Base Case: $k = l = 1$
$$(a^1)^1 := a^1 := a$$
Assume the inductive hypothesis $a^k a^l = a^{k+l}$
For $k+1$
$$(a^{k+1})^l = (a^k a)^l = (a^k)^l a^l = a^{kl} a^l = a^{kl+l} = a^{(k+1)l}$$
Similarly for $l+1$
$$(a^k)^{l+1} = (a^k)^l (a^k)^1 = (a^{kl}) a^k = a^{kl+k} = a^{k(l+1)}$$
I have already proved addition of powers before this exercise so that is assumed. My only problem is, can I assume $(ab)^l = a^l b^l$ for $a,b$ elements of a group and $l \in \mathbb{Z}$?
Thank you!
I will use this definition: for $n\in\mathbb{Z}^{+}$, $x^{n}=x\cdots x$ ($n$ terms), $x^{0}=1$, $x^{-n}=x^{-1}\cdots x^{-1}$ ($n$ terms). I will use this property: $(ab)^{-1}=b^{-1}a^{-1}$ for $a,b\in G$. We need a lemma first.

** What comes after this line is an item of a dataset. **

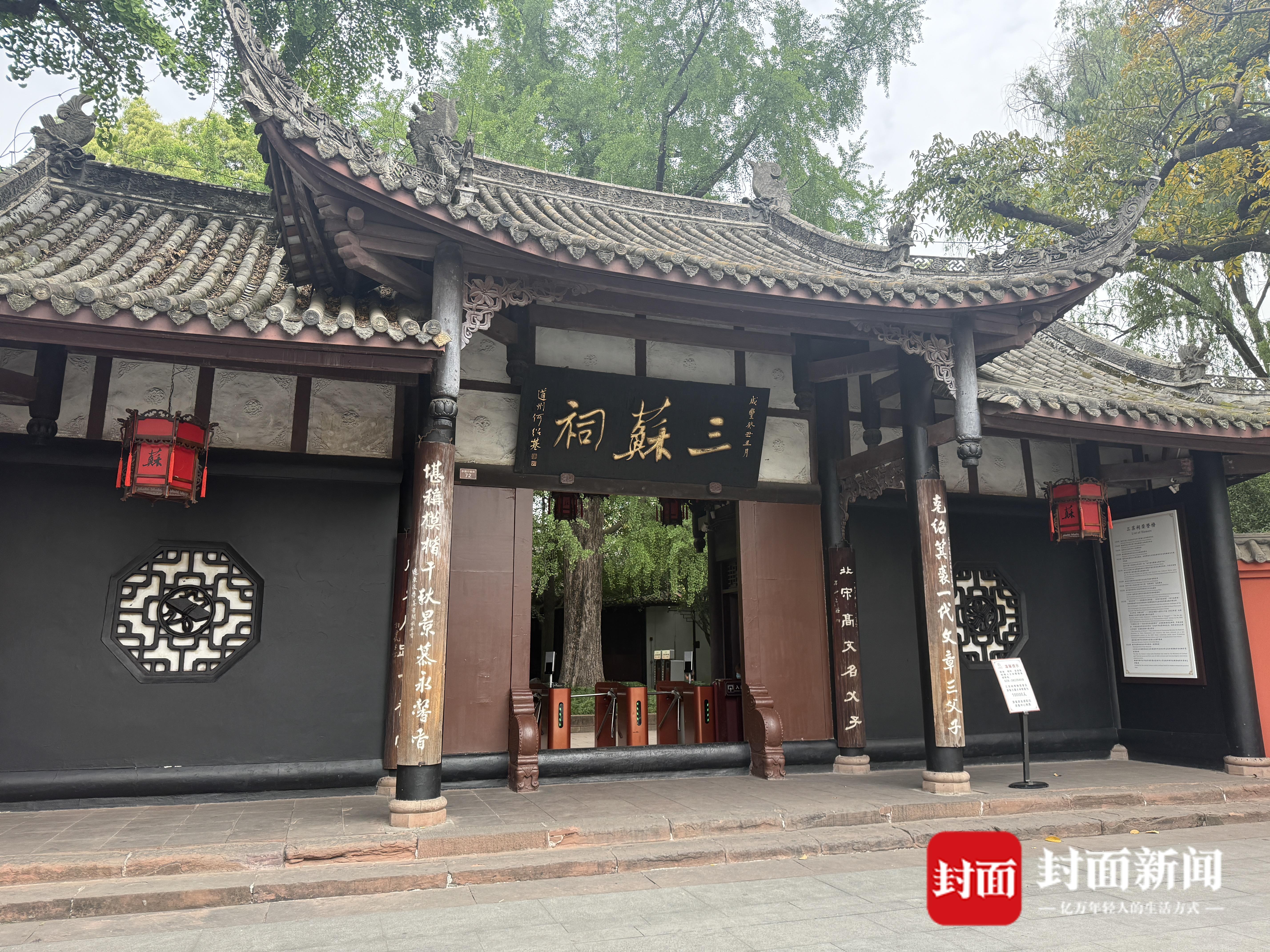 正午时分,阳光打在三苏祠博物馆的牌匾上,天南地北的游客穿过大门踏入三苏的世界,馆内,绿草青青,古树成荫。

Proof of lemma. We have $$ \begin{split} x^{a}x^{-a}&=(x\cdots x)(x^{-1}\cdots x^{-1}) \quad \textrm{($a$ terms each)}\\ &=1. \end{split} $$ Similarly, $x^{-a}x^{a}=1$. So $(x^{a})^{-1}=x^{-a}$.
Proof of the question.
Case 1: $k,l>0$.
Then $$ \begin{split} a^{k}a^{l}&=(a\cdots a)(a\cdots a) \quad \textrm{($k,l$ terms, respectively)}\\ &=a\cdots a \quad \textrm{($k+l$ terms)}\\ &=a^{k+l}. \end{split} $$
Case 2: $k$ or $l=0$. Easy.
Case 3: $k<0$ and $l>0$.
If $-k> l$, then $$ \begin{split} a^{k}a^{l}&=a^{-(-k)}a^{l}=(a^{-k})^{-1}a^{l} \quad \textrm{by the lemma}\\ &=(a^{l}a^{-k-l})^{-1}a^{l} \quad \textrm{by case 1}\\ &=(a^{-k-l})^{-1}(a^{l})^{-1}a^{l}=a^{-(-k-l)} \quad \textrm{by the lemma}\\ &=a^{k+l}. \end{split} $$ If $-k\leq l$, then $$ \begin{split} a^{k}a^{l}&=a^{-(-k)}a^{l}=(a^{-k})^{-1}a^{l} \quad \textrm{by the lemma}\\ &=(a^{-k})^{-1}a^{-k}a^{l-(-k)} \quad \textrm{by case 1 or case 2}\\ &=a^{k+l}. \end{split} $$
Case 4: $k>0$ and $l<0$. Similar to case 3.
Case 5: $k,l<0$.
Then $$ \begin{split} a^{k}a^{l}&=a^{-(-k)}a^{-(-l)}=(a^{-k})^{-1}(a^{-l})^{-1} \quad \textrm{by the lemma}\\ &=(a^{-l}a^{-k})^{-1}=(a^{-l-k})^{-1} \quad \textrm{by case 1}\\ &=a^{-(-l-k)} \quad \textrm{by the lemma}\\ &=a^{k+l}. \end{split} $$